Мысли напирали одна на другую, перескакивали с темы на тему, словно играли в догонялки. Почему Альвар, опытный маг и контрабандист, не заметил слежки? И за что грубил милой женщине, Венде? Интересно, знала ли её мать при рождении о даре ясновидения дочери или просто дала красивое имя? И где искать пресловутого друга, который живёт в месте, куда меня тянет? Тянет ли меня вообще куда-либо?
На этой мысли я застопорился, потом с трудом поднялся, еле-еле дополз до мастерской и, основательно поковырявшись в саквояже, достал Обезболивающее и Бодрящее. Боль и слабость исчезли сразу, но от безысходности, которая сжимала мне сердце, не помогало ни одно ни другое.
Окончательно разуверившись, что у предсказания есть смысл, я отправился в гостиницу – за расчётом. В конце концов, надо хоть с чего-то начинать.

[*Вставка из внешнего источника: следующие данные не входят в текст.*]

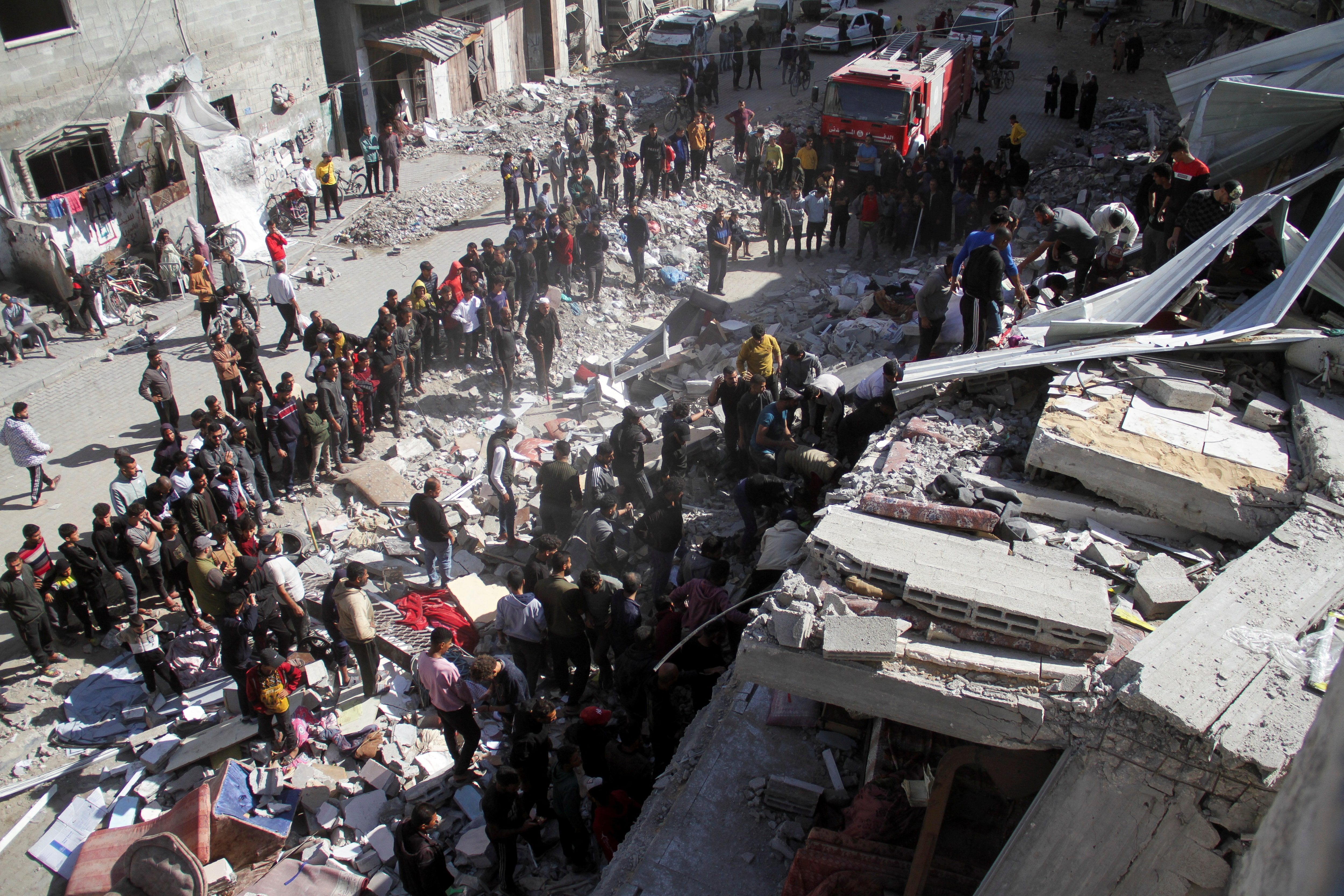 三名巴勒斯坦人中的第一项,包括救援人员,在加沙市11月18日以色列对一所房屋的袭击现场搜寻伤亡者。路透社/马哈茂德·伊萨
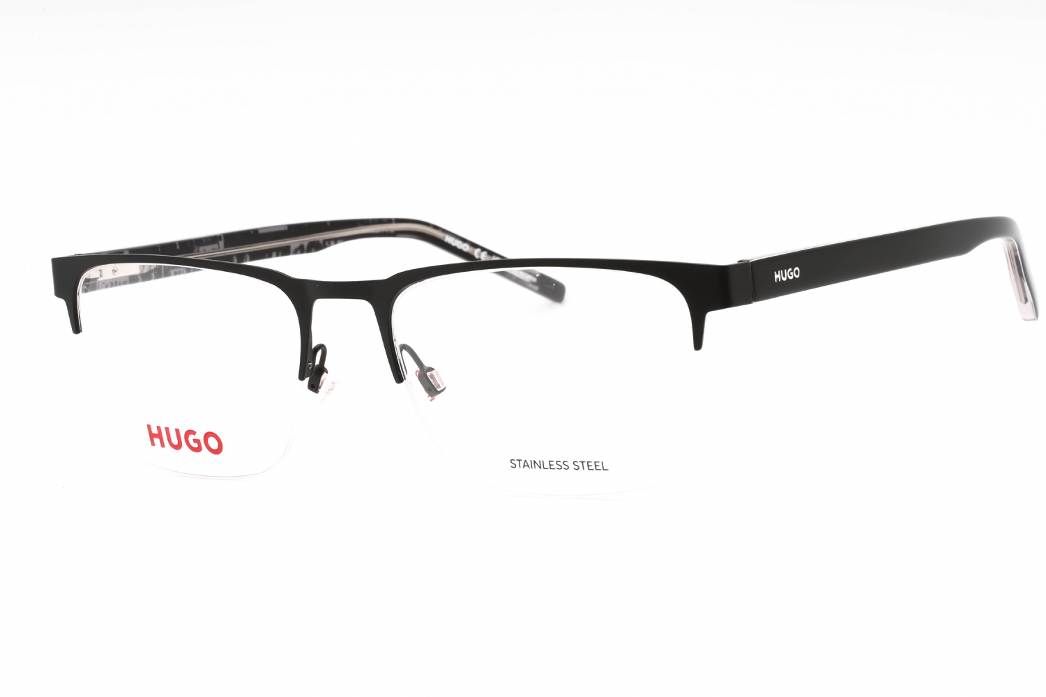 HUGO HG 1076 in Matte Black. This model features an eye catching shape to complement your facial features.The frame is made from quality materials, balancing weight and strength for your ultimate comfort.
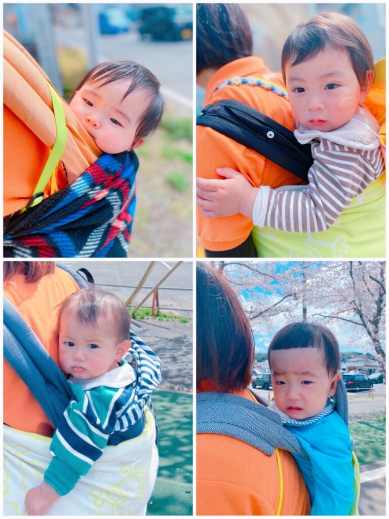 新入園児のお友だちは先生のおんぶで安心してお散歩♡桜キレイだったね💓
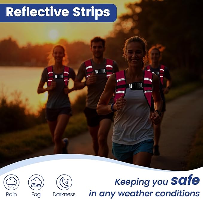 - REFLECTIVE STRIPS - Our pink weighted vest has reflective strips on the front and back to increase your visibility in low light conditions. Greatly improve the safety of your night running or night riding.
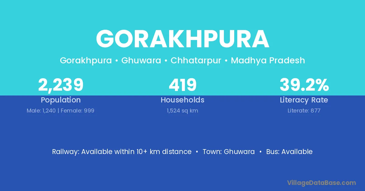 Gorakhpura village has a total population of 2,239 people, of which 1,240 are males and 999 are females.
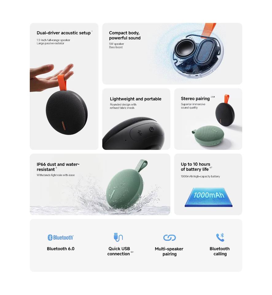 ลำโพงเสียงดัง Xiaomi Essential รุ่นดั้งเดิม ไม่มีไมโครโฟนในตัว ไม่มีไฟ LED ชาร์จผ่าน USB กันน้ำระดับ IPX-6 รองรับการควบคุมด้วยเสียงผ่านแอป
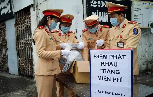 Lực lượng CSGT tổ chức nhiều điểm phát tặng khẩu trang miễn phí cho người dân phòng, chống hiệu quả dịch Covid-19
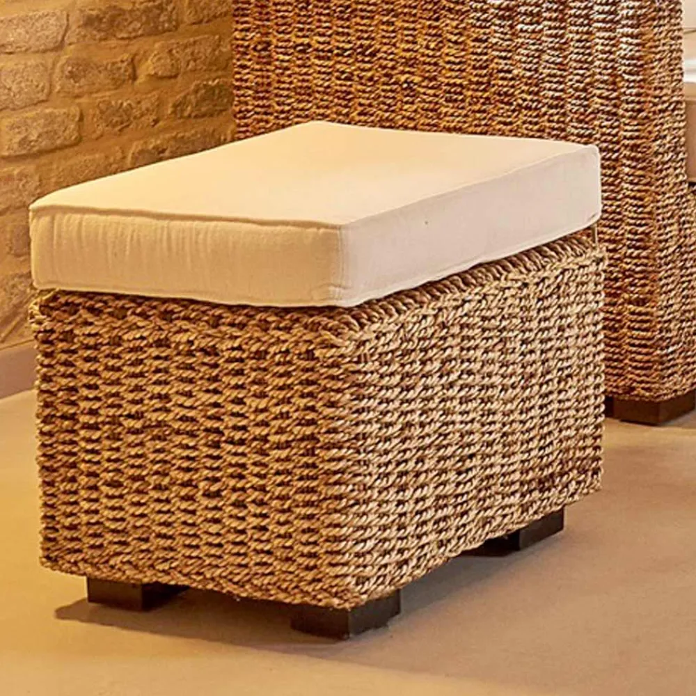 Outdoor-Pouf aus natürlicher Abaca-Faser mit Kissen

Погода испортилась как по мановению волшебной палочки: поднявшийся ветер натянул серых облаков, и начал накрапывать мелкий, занудливый дождь. Том, услыхав, что я съезжаю, расстроился, пригласил выпить «на дорожку», попутно просветив – меня смело можно рекомендовать как идеального постояльца. Было стыдно отказываться, поэтому, оказавшись в баре, я вытерпел приветствия и уселся за угловой, практически скрытый густыми тенями столик. Пили мы огневиски.
Признаюсь, пью я вообще нечасто, а крепкие напитки – табу для любого артефактора, но меня грызла тоска и отчаянье, к тому же: не хотелось обижать Тома, и все принципы отошли на задний план.
Вначале к моему столику потянулись приятели по жёлтой прессе, то есть я им был знаком – они мне нет. Всё это сопровождалось пожеланиями выпить. Потом среди подсевших к моему столику я узнал нескольких людей, а дальше – провал. Огневиски сделал своё чёрное дело.
***
Утро застало меня в незнакомом месте. Вернее, вначале так показалось, потому что заторможенный взгляд выхватил массивные балки на потолке, а таковых не было ни у меня в доме, ни в отеле. Кроме того, к стропилам неизвестные мне хозяева привязали травы, от которых по комнате плыл приятный пряный запах, и что-то ещё, смахивающее на пучки светлых волос, по длине напоминающих женские. В голову полезли дурные мысли, под стать моему самочувствию: кто-то решил набить из героя чучело. Конечно же, это было не так.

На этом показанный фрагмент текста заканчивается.